2025 ACL ACL 2025

EduCSW: Building a Mandarin-English Code-Switched Generation Pipeline for Computer Science Learning

Abstract

AbstractThis paper presents EduCSW, a novel pipeline for generating Mandarin-English code-switched text to support AI-powered educational tools that adapt computer science instruction to learners’ language proficiency through mixed-language delivery. To address the scarcity of code-mixed datasets, we propose an encoder-decoder architecture that generates natural code-switched text using only minimal existing code-mixed examples and parallel corpora. Evaluated on a corpus curated for computer science education, human annotators rated 60–64% of our model’s outputs as natural, significantly outperforming both a baseline fine-tuned neural machine translation (NMT) model (22–24%) and the DeepSeek-R1 model (34–44%).
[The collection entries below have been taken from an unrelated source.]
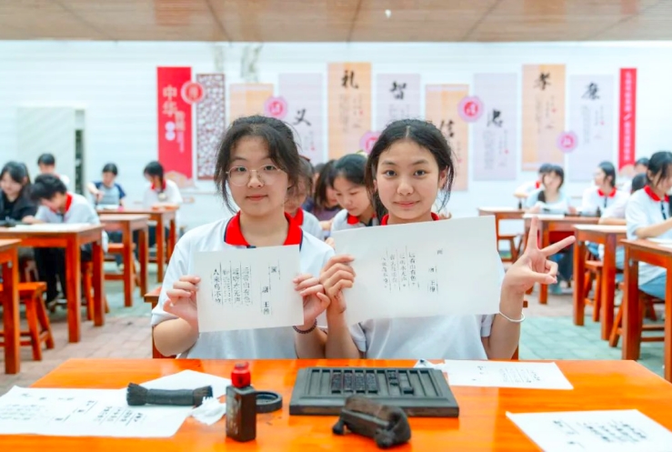 第二批次各組的同學們從南門進入景區,他們的研學之旅則從體驗豐富多彩的游樂項目和文化活動開始。滑草場上,同學們感受著風馳電掣般的刺激;打靶項目中,大家凝神專注,鍛煉著耐心和信心;在體驗畢昇活字印刷術時,同學們穿上漢服,行拜師禮,親手操作活字排版印刷,在實踐中領略到了中華傳統文化的博大精深。隨后,他們也踏上了長征縮微路,追尋革命先輩的足跡。
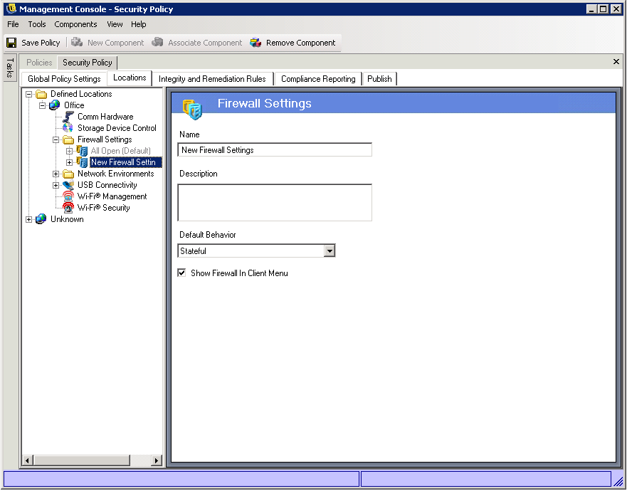 To access this control, open the Locations tab and click the Firewall Settings icon in the policy tree on the left.
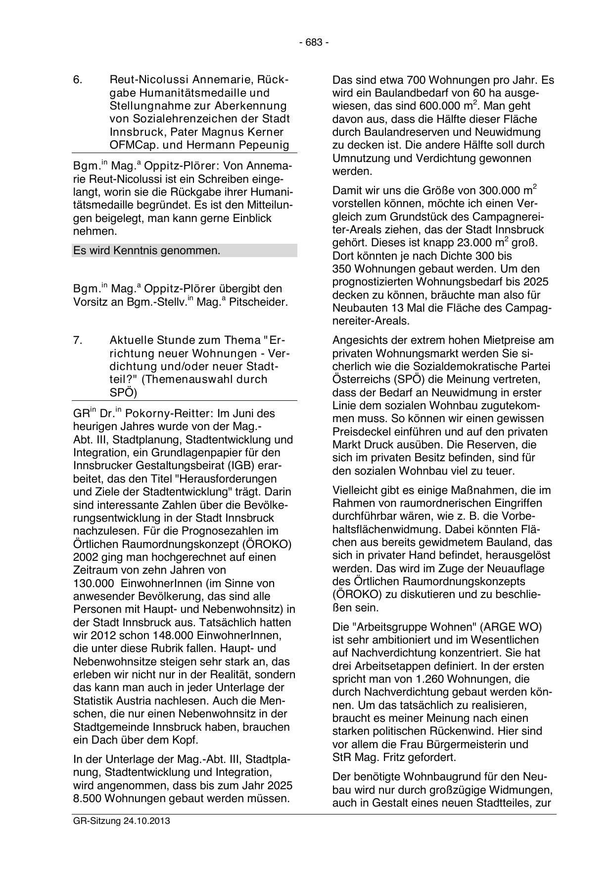 Bgm.in Mag.a Oppitz-Plörer: Von Annemarie Reut-Nicolussi ist ein Schreiben eingelangt, worin sie die Rückgabe ihrer Humanitätsmedaille begründet. Es ist den Mitteilungen beigelegt, man kann gerne Einblick
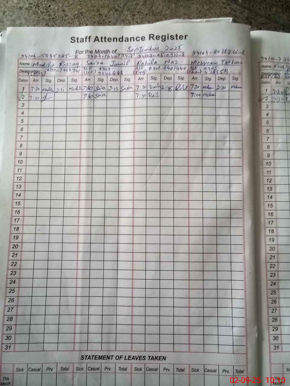 | Remarks (Use Separate Page if Required): PST SUMAIRA BOOTA AT UMERA LEAVE FROM 25 AUG 25 TO 14 SEPTEMBER 2025 leave forward on line 2 Fan is out of order in classrooms | |||||
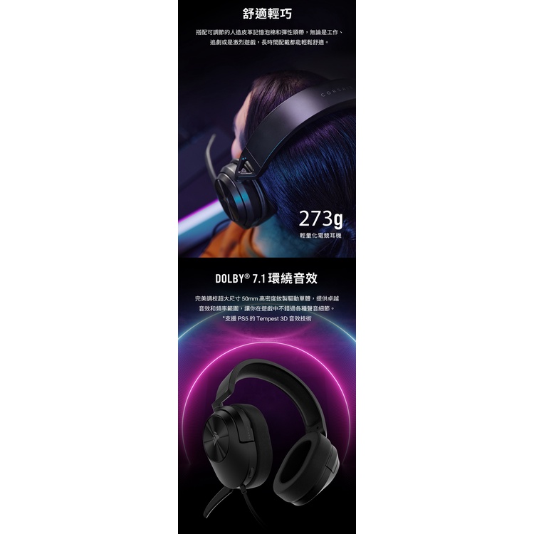 CORSAIR 海盜船 HS55 Surround 有線電競耳機(白) 綠風潮
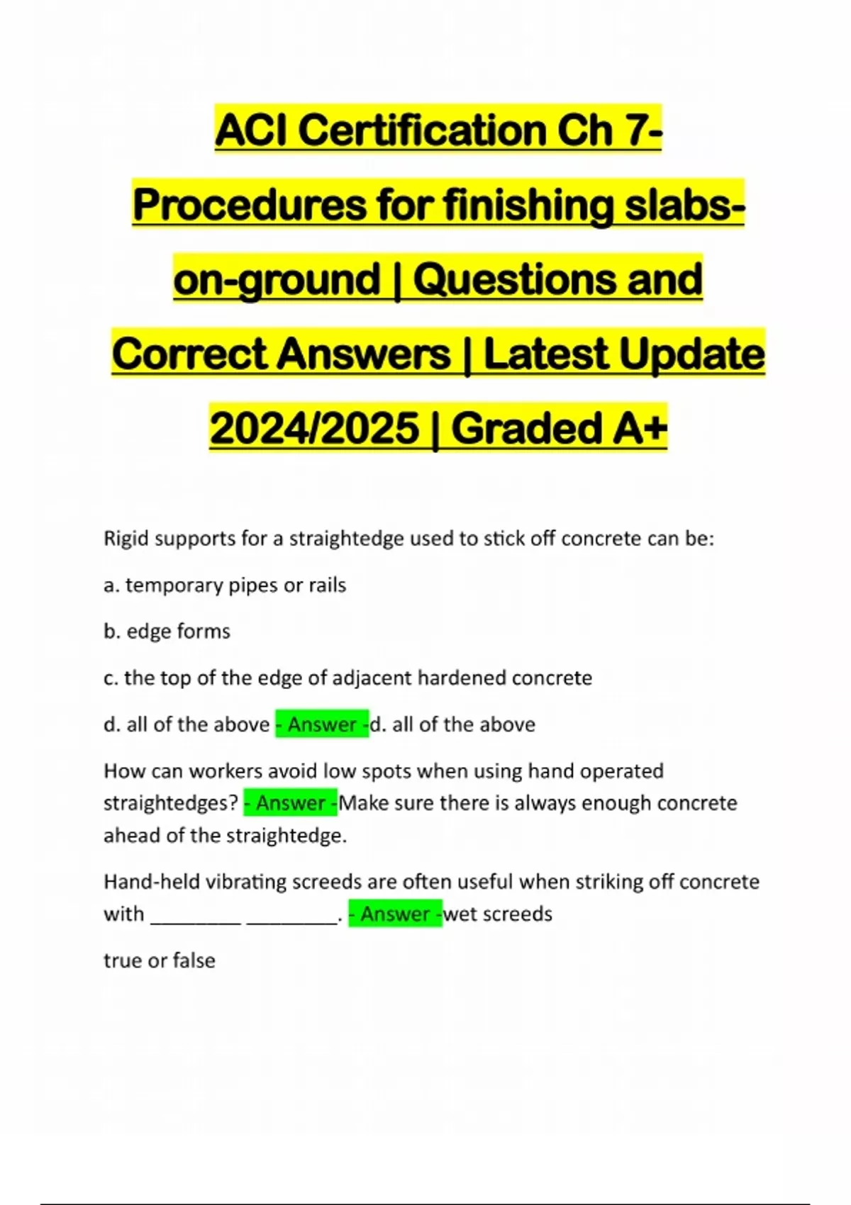 ACI Certification Ch 7- Procedures for finishing slabson-ground | Questions and Correct Answers | Latest Update 2024/2025 | Graded A+ Rigid supports for a straightedge used to stick off concrete can be: a. temporary pipes or rails b. edge forms c. the top of the edge of adjacent hardened concrete d. all of the above - Answer -d. all of the above How can workers avoid low spots when using hand operated straightedges? - Answer -Make sure there is always enough concrete ahead of the straightedge. Hand-held vibrating screeds are often useful when striking off concrete with ________ ________. - Answer -wet screeds true or falsevibrating screeds should be moved forward as fast as proper consolidation allows to avoid bringing too much mortar to the surface. - Answer -true On slabs with many protruding pipes, a ________ works better than a ________ ________ for smoothing th
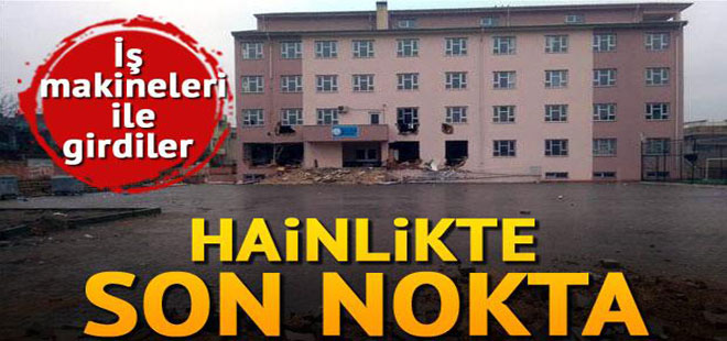 MARDİN'in Nusaybin İlçesi'nde, PKK'lılar Yavuz Selim İlk ve Ortaokulu binasını iş makineleriyle tahrip etti.
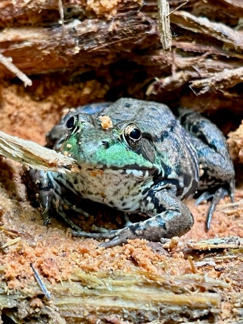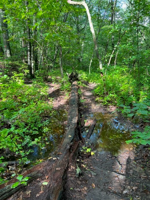 While going along the blue trail we passed a small puddle and heard a big splash. I immediately crouched down to search the water for a frog. Being a bit wobbly, I reached out my hand to steady myself by holding onto a rotted fallen log. My friend was also peering down, and her dog started to splash in the water.
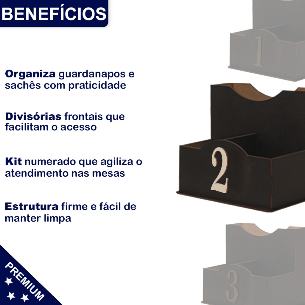 10 Porta Guardanapos Numerados MDF Preto Identificador Mesa Restaurante Bar Buffet Lanchonete Kit Organização Top

The generated text achieves a Code-Mixing Index (CMI) of 25.28%, aligning with patterns observed in spontaneous Mandarin-English code-switching. Designed to be generalizable across language pairs and domains, this pipeline lays the groundwork for generating training data to support the development of educational tools with dynamic code-switching capabilities.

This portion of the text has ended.